Reflections of a Wife, Mom & Weightloss Surgery Patient!

What you do and don't do to manage your life does not only affect you. It affects everyone around you!- Author Elizabeth George

Wednesday, December 5, 2012

25 little things Part III

This is the last part to my three part post of 25 little things that has blessed me, changed my life or I am thankful for this season. It has been a delight to walk down memory lane and remember how much I have changed or learned this year. I will never walk this way again and I am happy to take these moments to reflect to that someday I can re-read these posts and see how amazing God has been in 2012.

15.) This year one of the most horrific things that happened was the drowning of little Tru, my friend D's grandson. I will never, ever for get her testimony that starts with a phone call from her daughter in law. " D, Tru is dead". These are words you never want to hear about anyone you love, but a one year old little boy is alot harder to swallow. This story morphs from a tragedy into a miracle where God is definitely the Hero of the story! Moments after L. hangs up with her mother-in-law, she and her husband C. hit the flooring to praying and God heard this cries and over the next several days where their humanity was so unsure, God did what medical professionals said was impossible; healed Tru completely!! L. & C. never became angry with God,like so many of us would, me included. They felt honored and privileged that through this turn of events that God would use them to reach so many people and bring honor & glory to Himself. How they handled this tragedy changed my life forever! When things go wrong, and they inevitably will, that I need to handle them like a child of the King of Kings instead of a defeated victim of life's circumstances.

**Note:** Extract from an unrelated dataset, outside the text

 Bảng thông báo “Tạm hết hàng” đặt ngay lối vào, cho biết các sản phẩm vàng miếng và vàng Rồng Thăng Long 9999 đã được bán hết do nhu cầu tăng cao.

16.) So many times I look at my oldest son and see so much of his father in him. I love that but sometimes I wonder if he has anyone of my qualities or attributes. One day in October, that question was answered as Korb brings this large book, a note book and pencil with him as he snuggles up next to me on the couch. Then he starts giving me of the stars, and ends is 20 minute long fact session of much I did not know, with " I look up things in the encyclopedia & write them down during my free time." I smiled widely and asked him if he loves learning? In a typical boy response he replies he loves it, only if it is something he enjoys!! That is so me!! I love to learning and enjoy my classes very much!! I am praying he always loves school and has a zest for learning always. Unlike my sweet husband who stays far, far away from anything scholastic. It was nice to see a little bit of me in my son, and I was thankful that God showed me that being the right type of influence on the boys will pay off!!

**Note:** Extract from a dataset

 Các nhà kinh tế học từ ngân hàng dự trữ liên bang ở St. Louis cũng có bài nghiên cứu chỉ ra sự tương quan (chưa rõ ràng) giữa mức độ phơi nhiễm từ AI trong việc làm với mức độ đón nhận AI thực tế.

17.) Everyday I get the most amazing kisses!! Chubby little boy are wrap around my neck and I get a peck on the cheek and my heart does that flipp flopp thing. I am constantly reminded how blessed I am to have two healthy little guys. Yes, they have food allergies and sometimes that gets overwhelming to deal with, but in the big picture of things it could be worse. God knew what He was doing when He gave us these two particular boys and I could not be more grateful because He entrusted their health & well-being to Rod and I. What a privilege and Honor!! There are some days that are extra special when I get chubby little girl arms to give me amazing hugs from my beautiful nieces. I love, love, love these girls!! I love the way they play with the boys; their cousins. I love their laughter. I love to relive moments of my childhood seeing them together reminds me of times with my sister. This year my around-the-block bestie had her little girl, and now I get lovies from sweet little S. too!! Little child hugs, kisses and laughter are truly one of God's best blessings and not to be taken for granted!!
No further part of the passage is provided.